◆ What is needed
Each line of the data below from the one holding "1月1日,河南省焦作市温县张羌街道马庄村村民在建设温室大棚。" to the one holding "Step 7:将马尾放下,围着海绵散开,再用发绳绑在海绵发束处", inclusive, is to be reproduced exactly; no other line belongs in the answer.

◆ Given records
========

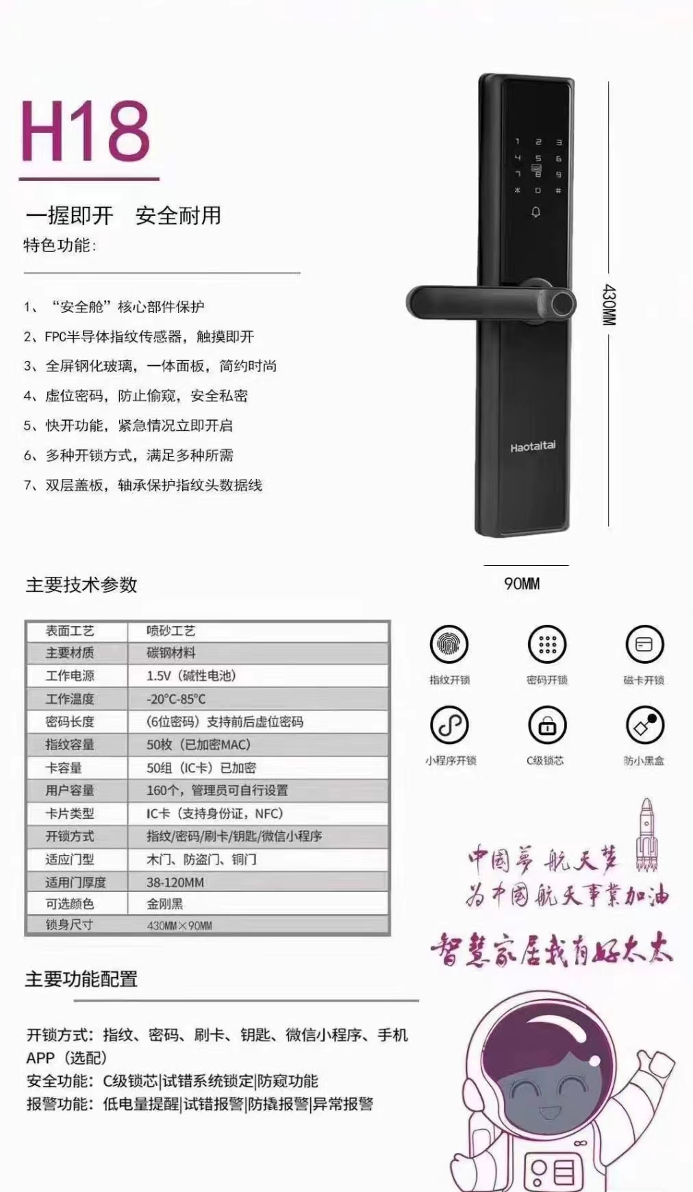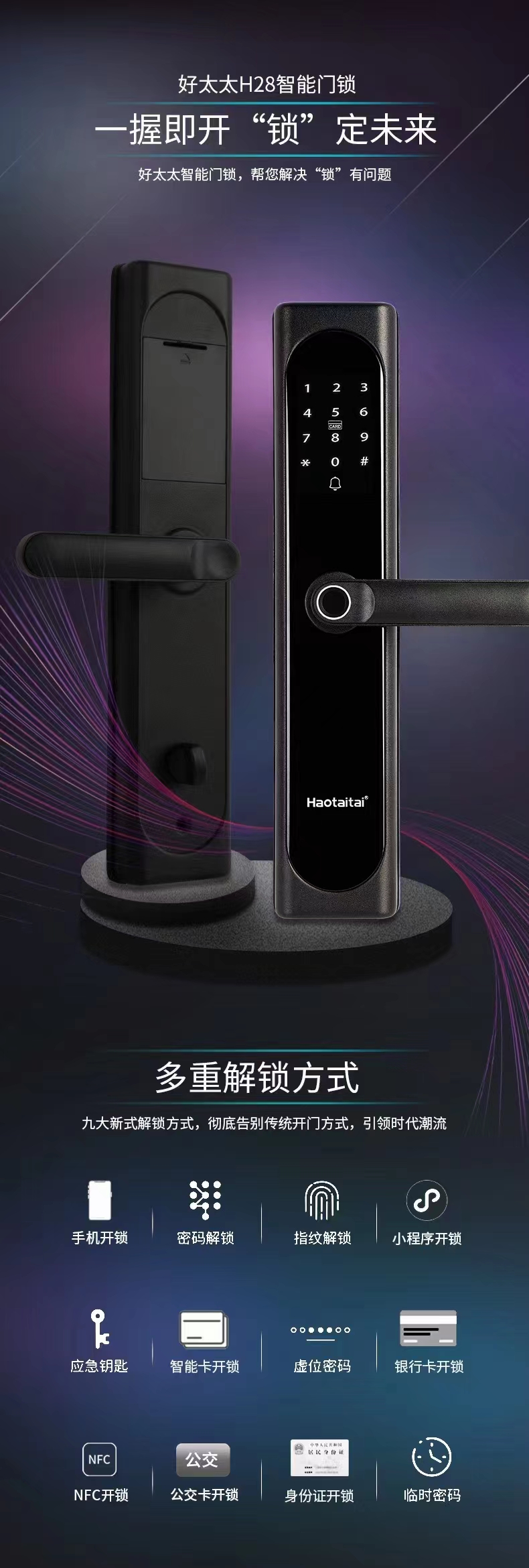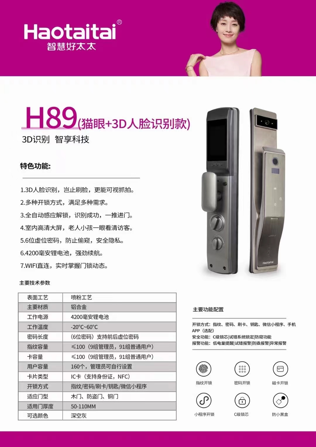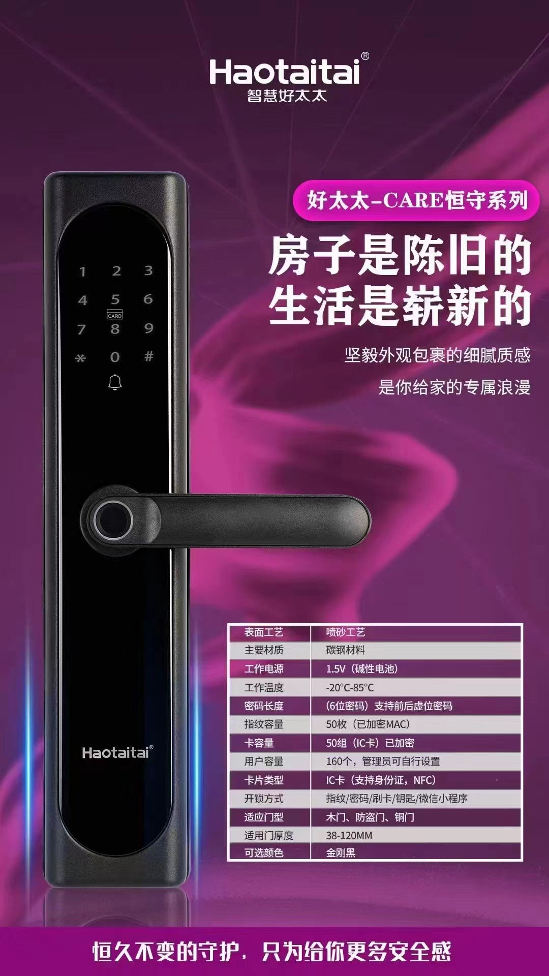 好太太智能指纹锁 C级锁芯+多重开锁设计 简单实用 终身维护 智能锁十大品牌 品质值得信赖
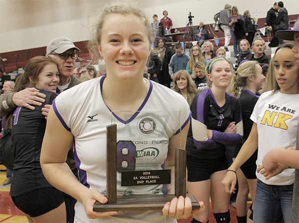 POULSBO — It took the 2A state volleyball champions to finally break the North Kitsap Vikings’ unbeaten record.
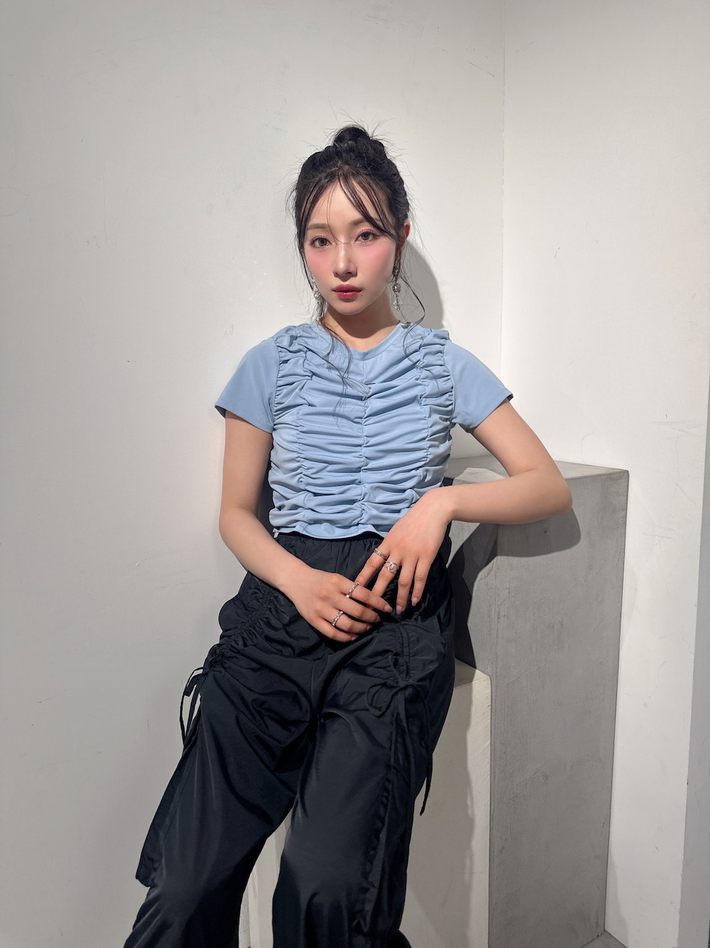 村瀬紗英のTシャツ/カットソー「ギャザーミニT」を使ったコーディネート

========

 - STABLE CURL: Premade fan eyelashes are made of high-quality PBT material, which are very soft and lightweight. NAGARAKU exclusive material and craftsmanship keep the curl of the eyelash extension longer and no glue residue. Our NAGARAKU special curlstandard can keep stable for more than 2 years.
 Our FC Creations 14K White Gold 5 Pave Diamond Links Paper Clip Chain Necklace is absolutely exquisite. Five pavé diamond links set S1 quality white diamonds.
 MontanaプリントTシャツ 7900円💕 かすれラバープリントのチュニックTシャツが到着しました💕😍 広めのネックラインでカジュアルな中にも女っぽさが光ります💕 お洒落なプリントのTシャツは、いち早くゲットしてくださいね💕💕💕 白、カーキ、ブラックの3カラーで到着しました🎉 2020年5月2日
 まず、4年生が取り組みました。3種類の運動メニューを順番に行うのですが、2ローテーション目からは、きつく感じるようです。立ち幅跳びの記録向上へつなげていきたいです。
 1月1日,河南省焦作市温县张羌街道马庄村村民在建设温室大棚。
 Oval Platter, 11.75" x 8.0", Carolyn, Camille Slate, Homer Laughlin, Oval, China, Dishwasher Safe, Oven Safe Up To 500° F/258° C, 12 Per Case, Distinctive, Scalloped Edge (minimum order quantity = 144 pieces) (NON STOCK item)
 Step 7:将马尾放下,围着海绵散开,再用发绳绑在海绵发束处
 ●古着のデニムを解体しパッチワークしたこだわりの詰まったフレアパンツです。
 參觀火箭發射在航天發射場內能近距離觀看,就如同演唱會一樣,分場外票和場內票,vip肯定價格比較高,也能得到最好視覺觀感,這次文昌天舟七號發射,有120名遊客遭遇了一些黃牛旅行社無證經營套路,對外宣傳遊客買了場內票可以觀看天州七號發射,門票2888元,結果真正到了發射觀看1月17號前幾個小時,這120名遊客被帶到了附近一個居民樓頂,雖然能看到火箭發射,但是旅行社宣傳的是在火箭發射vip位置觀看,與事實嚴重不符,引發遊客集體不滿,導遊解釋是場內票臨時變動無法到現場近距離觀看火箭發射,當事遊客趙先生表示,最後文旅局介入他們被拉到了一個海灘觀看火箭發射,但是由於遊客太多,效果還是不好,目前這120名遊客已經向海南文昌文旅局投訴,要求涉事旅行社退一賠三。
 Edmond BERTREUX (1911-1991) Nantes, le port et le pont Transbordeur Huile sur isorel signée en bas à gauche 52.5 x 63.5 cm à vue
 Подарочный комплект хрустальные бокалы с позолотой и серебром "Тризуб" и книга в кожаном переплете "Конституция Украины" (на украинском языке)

========

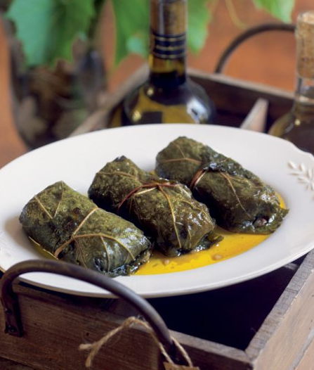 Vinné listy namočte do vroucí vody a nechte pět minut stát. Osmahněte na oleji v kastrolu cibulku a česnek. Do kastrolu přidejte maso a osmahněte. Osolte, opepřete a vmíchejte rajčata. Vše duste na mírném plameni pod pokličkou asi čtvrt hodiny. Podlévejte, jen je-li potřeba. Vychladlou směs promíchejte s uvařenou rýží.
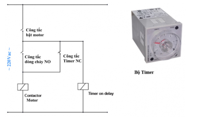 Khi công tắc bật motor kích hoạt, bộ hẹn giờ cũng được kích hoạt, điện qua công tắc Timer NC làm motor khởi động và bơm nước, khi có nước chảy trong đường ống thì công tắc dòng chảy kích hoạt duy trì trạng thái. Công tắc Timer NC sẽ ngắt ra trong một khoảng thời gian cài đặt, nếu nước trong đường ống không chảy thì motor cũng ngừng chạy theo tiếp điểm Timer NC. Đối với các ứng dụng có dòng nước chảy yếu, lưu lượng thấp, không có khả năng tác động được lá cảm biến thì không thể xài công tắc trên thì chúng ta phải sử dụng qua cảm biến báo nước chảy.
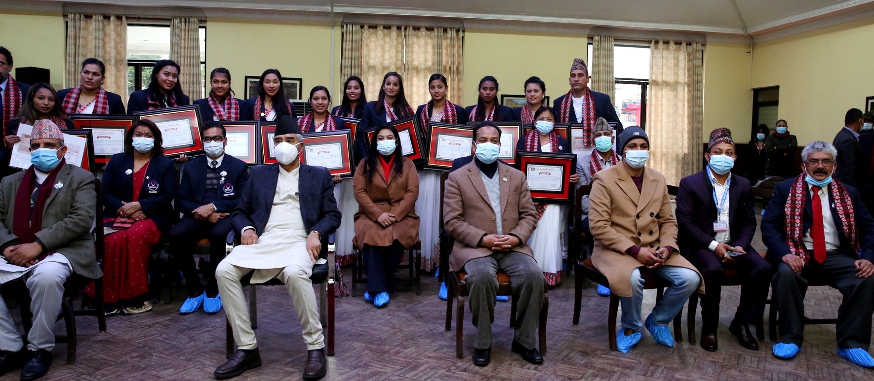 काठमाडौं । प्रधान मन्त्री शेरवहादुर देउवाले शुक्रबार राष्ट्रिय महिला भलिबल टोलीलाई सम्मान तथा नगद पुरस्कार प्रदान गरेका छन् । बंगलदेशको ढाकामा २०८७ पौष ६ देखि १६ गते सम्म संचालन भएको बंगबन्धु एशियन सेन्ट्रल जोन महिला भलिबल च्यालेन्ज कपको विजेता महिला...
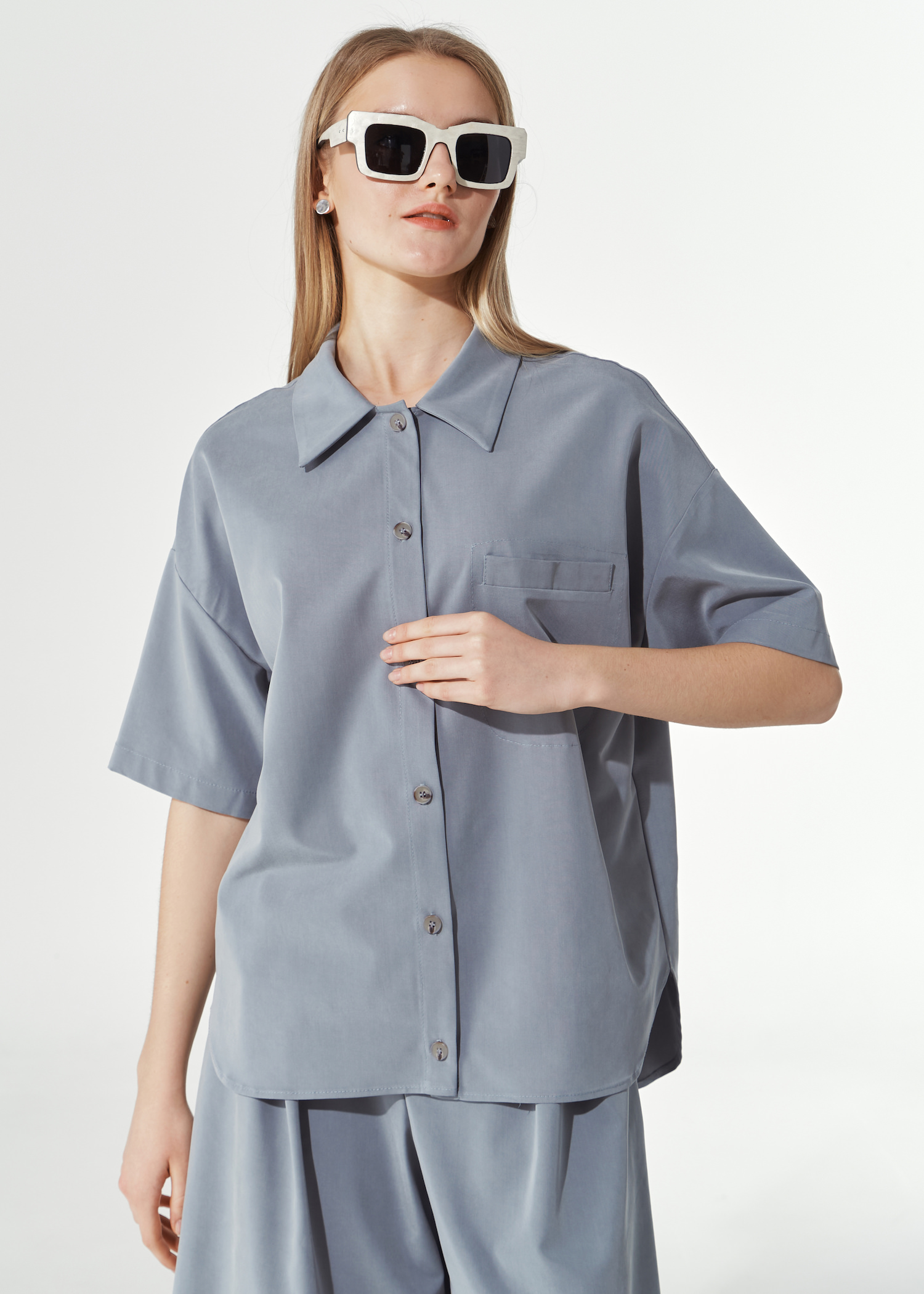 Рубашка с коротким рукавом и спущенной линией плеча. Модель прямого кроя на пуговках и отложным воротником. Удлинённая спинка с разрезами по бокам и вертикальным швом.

========

◆ Answer for this exercise
 1月1日,河南省焦作市温县张羌街道马庄村村民在建设温室大棚。
 Oval Platter, 11.75" x 8.0", Carolyn, Camille Slate, Homer Laughlin, Oval, China, Dishwasher Safe, Oven Safe Up To 500° F/258° C, 12 Per Case, Distinctive, Scalloped Edge (minimum order quantity = 144 pieces) (NON STOCK item)
 Step 7:将马尾放下,围着海绵散开,再用发绳绑在海绵发束处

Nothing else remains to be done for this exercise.